Iron deficiency is present in approximately 50% of patients with chronic heart failure (HF), and HF complicated with iron deficiency is associated with impaired functional capacity, poor quality of life, and increased mortality. Although these factors point to iron deficiency as a therapeutic target in HF, the findings of a recent study show that oral iron supplementation may not improve functional capacity in patients with HF and reduced ejection fraction.
On behalf of the National Heart, Lung, and Blood Institute's Heart Failure Clinical Research Network, Gregory D. Lewis, MD, of Massachusetts General Hospital in Boston, presented the results of the study at the Scientific Sessions of the American Heart Association held November 12 to 16, 2016, in New Orleans, LA. Duke investigators involved in the study included Kevin J. Anstrom, PhD, Steven E. McNulty, MS, and Adrian F. Hernandez, MD.
The findings of other studies have shown that intravenous iron increased 6-minute walk distance and quality of life and decreased HF-related hospitalizations in patients with HF and reduced ejection fraction.
However, the administration of intravenous iron poses logistical challenges and is expensive, said Lewis. He added that oral iron is safe and readily available, but its efficacy in HF is unknown. Patient characteristics that influence responsiveness to oral iron in HF also remain undefined.
Lewis and his co-investigators sought to test the hypothesis that oral iron polysaccharide is superior to oral placebo in improving exercise capacity (peak oxygen consumption) in patients who have HF, reduced ejection fraction, and iron deficiency at 16 weeks.
The study included 225 patients with New York Heart Association functional classification II to IV HF symptoms and left ventricular ejection fraction of 40% or less. Patients had to have a serum ferritin level of 15 to 100 ng/mL or a serum ferritin level of 100 to 299 ng/mL with transferrin saturation of less than 20%. All patients had stable chronic HF and were receiving evidence-based medical therapy.
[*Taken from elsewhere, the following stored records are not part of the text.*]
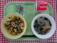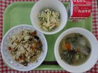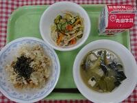 かしわ飯 なすのみそ汁 マカロニサラダ 牛乳
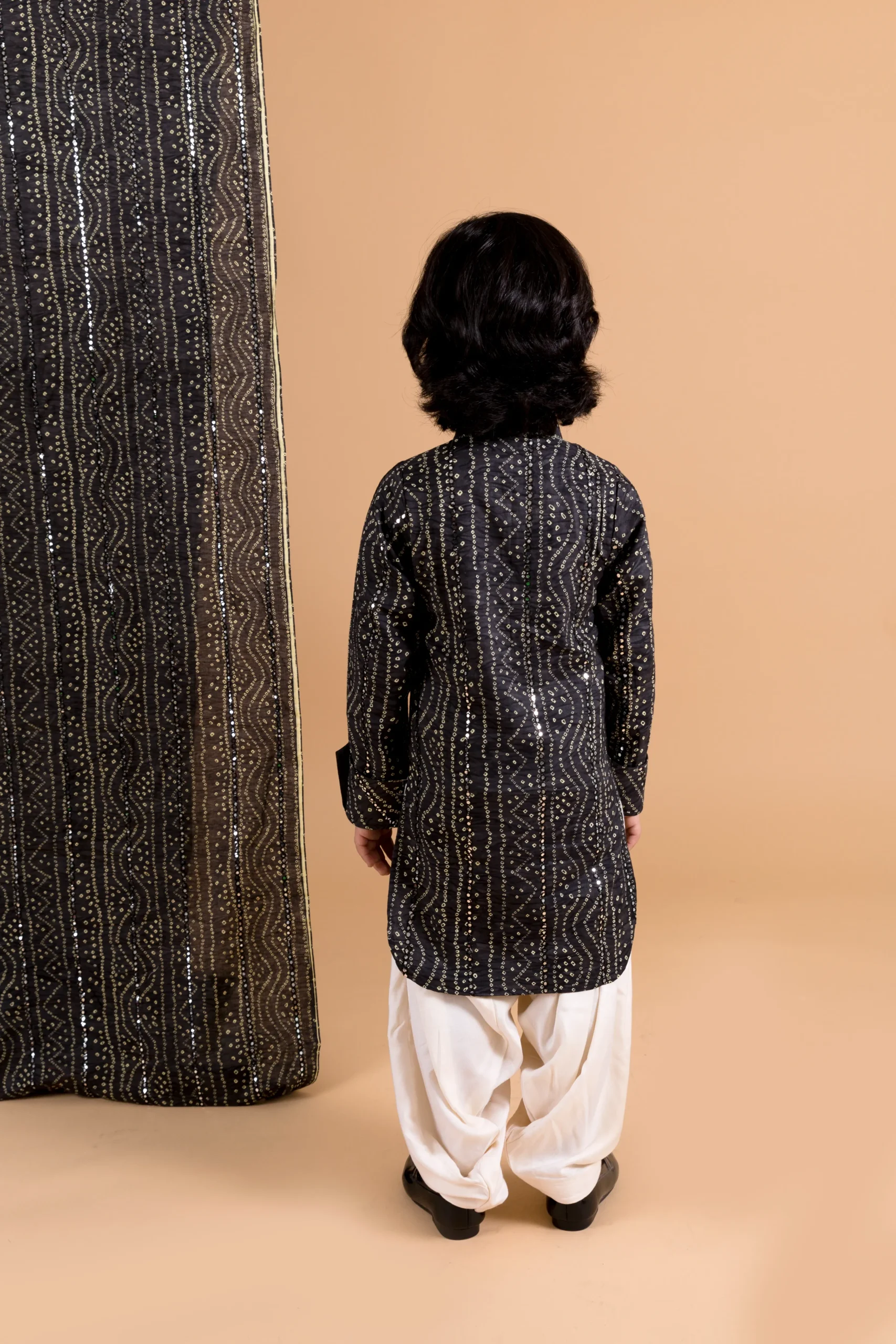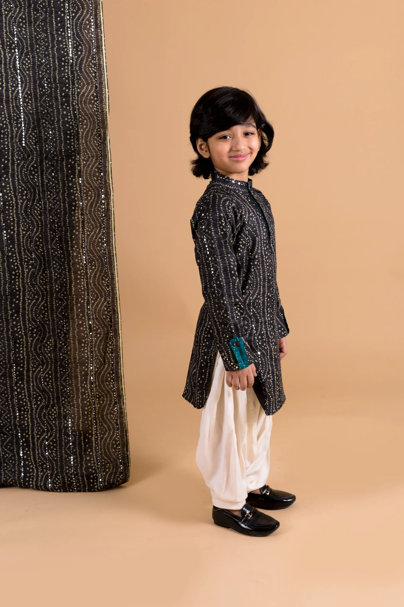 Black Bandhani Cotton Pathani Kurta Salwar Set with Faux Mirror Detailing for Boys
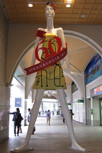 非常適合作為集合地點的名古屋市名鐵百貨店前的巨型人體模特“NANA醬”作為名古屋站前的門面深受大家的喜愛。她的身高居然有6.1m。這樣的NANA醬總是隨著季節大變身!夏天換上泳衣或浴衣,神誕節前後變身為聖誕老人,最近還從鼻子噴白色煙霧,總之非常多樣。到訪名古屋的時候,一定要去看看NANA醬的新時尚哦♪
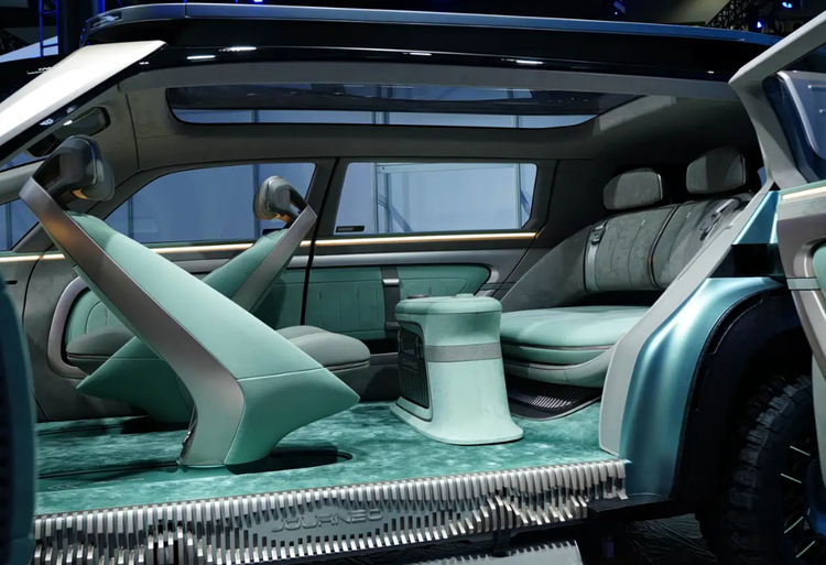 它的“疯狂”不止于外观:前排座椅能360度旋转,和二排形成“面对面会议室”;搭载的AI系统能通过穿戴设备监测乘员心率、呼吸,甚至根据情绪调节空调和音乐——这已经不是“车”,更像“会移动的智能舱”。

The study participants were randomly assigned to receive twice-daily oral iron polysaccharide 150 mg (n = 111) or placebo (n = 114).
The primary end point was change in peak oxygen consumption at 16 weeks, and secondary end points included change in 6-minute walk distance, oxygen kinetics, ventilator efficiency, change in N-terminal pro-brain natriuretic peptide level, and change in quality-of-life score on the Kansas City Cardiomyopathy Questionnaire.
No significant differences were observed in the change in peak oxygen consumption between the 2 groups (23 in the oral iron group vs –2 in the placebo group; P = .46). There were also no differences between the 2 groups in terms of the secondary or exploratory end points.
In an effort to explain the difference between the results of the study and those of previous studies showing a benefit of iron, Lewis and colleagues considered many factors. Increased congestion or bleeding did not explain the results, said Lewis, as the rates of both were low in the trial. He added that the ferritin levels in the current study were substantially lower than in other studies, indicating that the iron supplementation was not repleting iron stores. Levels of hepcidin, a key regulator of iron, were elevated, suggesting that resistance to the uptake of iron seemed to be related to hepcidin.
Source: Lewis GD, Anstrom KJ, McNulty S, Hernandez AF, Braunwald E. Oral iron repletion effects on oxygen uptake in heart failure (IRONOUT HF). Presented at: American Heart Association Scientific Sessions 2016; November 12-16, 2016; New Orleans, LA. Abstract LBCT.04.